Menurut Asvi, pihak-pihak yang melakukan hal tersebut ingin menegakkan kembali kekuasaannya, persis sama dengan cara yang dulu dilakukan Soeharto, yakni menjadikan komunisme sebagai musuh bersama. Mereka berpadu dengan kelompok yang ingin menjaga eksistensinya seperti penganut gerakan khilafah. Tak mengherankan, dalam aksi pembakaran bendera PKI, yang membakarnya kelihatan juga memakai bendera dengan simbol yang dekat dengan bendera Hizbut Tahrir Indonesia (HTI).

“Mereka ingin memperlihatkan eksistensi sebenarnya, namun juga ingin menghancurkan PDIP. Mereka dengan sengaja ingin menggoyang masyarakat dengan berkata soal kebangkitan PKI,” kata guru besar kelahiran Buktitinggi, Sumatera Barat itu.

Faktanya, komunisme itu sudah punah dengan adanya TAP MPRS yang isinya membubarkan PKI dan melarang ajaran komunisme, sudah berlaku sejak 1966 serta bertahan hingga saat ini.

Asvi mengingatkan saat rezim Soeharto, isu PKI dipertahankan untuk kepentingan Pemerintah yang berkuasa, dengan menghancurkan orang yang bersikap kritis.

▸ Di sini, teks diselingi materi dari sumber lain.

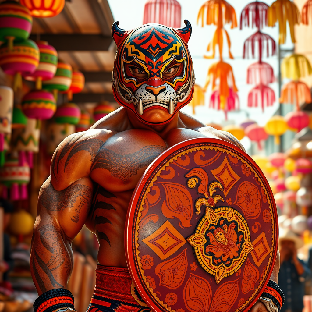 Capture El Tigre Braum in a hyper-realistic photograph set amidst a vibrant and colorful Mexican-inspired street market, where stalls brim with vivid decorations and textiles. Showcase his towering and muscular physique, clad in a detailed and intricately designed luchador mask that glistens under the bright sun. The mask features bold patterns of deep oranges and fiery yellows, complemented by his signature shield, which displays an elaborate mosaic of traditional Mexican art. Use advanced lighting techniques to accentuate the textures and colors of his costume while casting dynamic shadows that highlight his powerful stance. Capture the intensity of his fierce and determined expression, conveying a sense of formidable strength and agile prowess. The background buzzes with the energy of lively mariachi musicians and vibrant papel picado banners fluttering in the breeze, painting a picture of warmth and festivity. Employ a bright and bold color palette with dominant pops of orange and yellow, enhancing the overall lively and energetic essence of El Tigre Braum in this culturally rich scene.

Isu PKI juga digunakan ketika hendak mengambil tanah rakyat dengan mudah.

“Maka di Orba, setiap jelang 30 September, pasti ada temuan bendera dan kaos PKI. Itu jaman Orba. Sekarang, makin rutin karena ada kelompok kepentingan yang mau angkat isu komunisme itu,” katanya.

Gerakan mereka semakin menggema karena perkembangan teknologi informasi disertai kurangnya literasi masyarakat dalam menyaring bahan-bahan kampanye yang disebarkan. Informasi sangat mentah dan sumir itu sengaja disebarkan berulang dan terus menerus. Dan hal itu didukung pula oleh proyek de-soekarnoisasi yang dilaksanakan selama masa berkuasanya Orde Baru. Akumulasi semua hal itu juga yang terjadi dalam polemik pembahasan RUU Haluan Ideologi Pancasila (HIP).

Ilustrasi: Sejarawan Asvi Warman Adam (kanan) dan Bonnie Triyana/Ist

Bonnie mempertanyakan narasi PDI Perjuangan sebagai anti Pancasila yang justru disampaikan pihak yang selama ini diragukan ke-Pancasila-annya.

Menjawab itu, Asvi mengatakan sejak Reformasi 1998, makin terasa pentingnya meneguhkan Pancasila, bukan hanya sebagai dasar negara, namun pemersatu bangsa. Itulah pentingnya ada lembaga seperti Badan Pembinaan Ideologi Pancasila (BPIP).

Terlebih ketika ada keinginan memperkuat status lembaga ini, maka penentangan akan muncul. Ada pihak tak ingin Pancasila lebih disosialisasikan karena anggapannya sudah final.

“Ini jelas tujuannya kembali membangkitkan Orba, kembali mengangkat Soeharto sebagai pahlawan penyelamat negara, yang ingin menjadikan komunisme musuh bersama, dan dalam rangka Pilpres 2024. Dan salah satu yang mengganggu mereka adalah partai banteng. Dan untuk menyerangnya dikaitkan lah komunisme dan Soekarno. Mudah-mudahan rakyat lebih mudah memahami ini dan tak termakan hantu komunisme,” kata Asvi.

Kisah Ribka, Okky, dan Reza

Stigmatisasi PKI saat ini masih menjadi alat senjata yang ampuh, seolah tak kunjung habis. Ironisnya, keturunan yang terlibat pun sebagai pihak yang diserang serta dipojokkan.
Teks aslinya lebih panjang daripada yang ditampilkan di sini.